This work addresses the high energy consumption of conventional Transformers in natural language processing, which limits their applicability in energy-constrained scenarios. The study proposes the first fully spiking neural network (SNN)-based Transformer decoder tailored for NLP tasks, introducing a trainable SNN decoder architecture, SNN-compatible normalization techniques, and multiple text-to-spike embedding strategies. The authors systematically evaluate the impact of module substitution, residual connections, and normalization on model performance. By extending SNN Transformers beyond vision-only applications or encoder-only designs, the proposed model maintains functional equivalence to its artificial neural network (ANN) counterpart while achieving a theoretical energy reduction of 87%–93% compared to standard ANN baselines.
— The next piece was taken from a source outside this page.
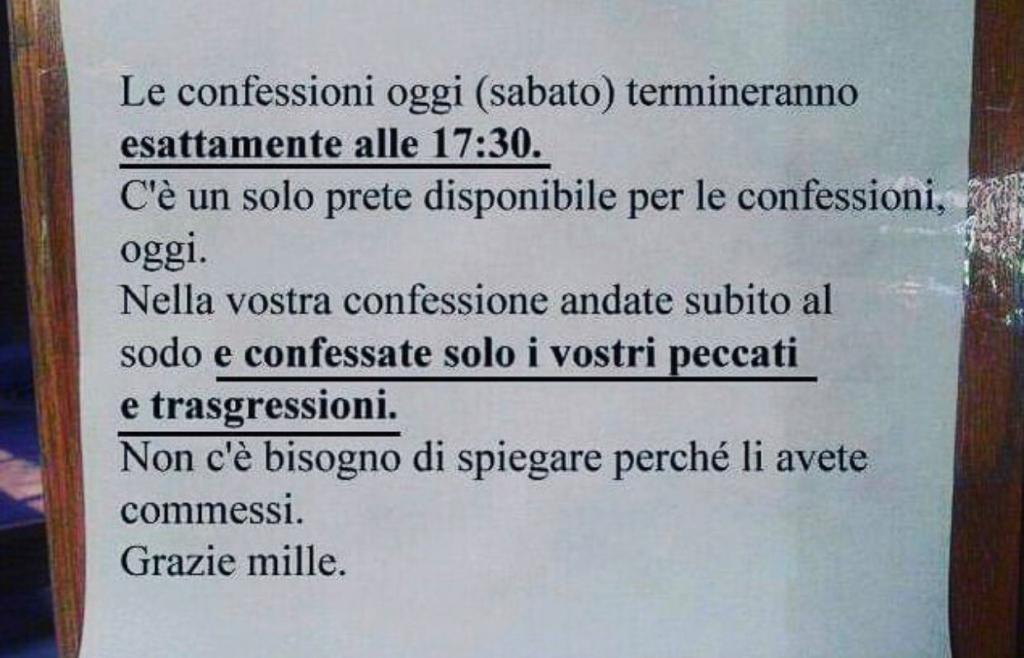 Ci segnalano i nostri contatti una divertente immagine titolata Confessate solo i vostri peccati e trasgressioni.

The Transformer architecture is widely regarded as the most powerful tool for natural language processing, but due to a high number of complex operations, it inherently faces the issue of high energy consumption. To address this issue, we consider Spiking Neural Networks (SNNs), which are an energy-efficient alternative to conventional Artificial Neural Networks (ANNs) due to their naturally event-driven approach to processing information. However, this inherently makes them difficult to train. Often, many SNN-based models circumvent this issue by converting pre-trained ANNs. More recently, attempts have been made to design directly trainable SNN-based adaptations of the Transformer model structure. Although the results showed great promise, the application field was computer vision. Moreover, the proposed model incorporates only encoder blocks. In this paper, we propose SpikeDecoder, a fully SNN-based implementation of the Transformer decoder block, for applications in natural language processing. In a series of experiments, we analyze the impact of exchanging different blocks of the ANN model with spike-based alternatives to identify trade-offs and significant sources of performance loss. We further investigate the role of residual connections and the selection of SNN-compatible normalization techniques. Besides the work on the model architecture, we formulate and compare different embedding methods to project text data into spikes. Finally, we demonstrate that our proposed SNN-based decoder block reduces the theoretical energy consumption by 87% to 93% compared to the ANN baseline.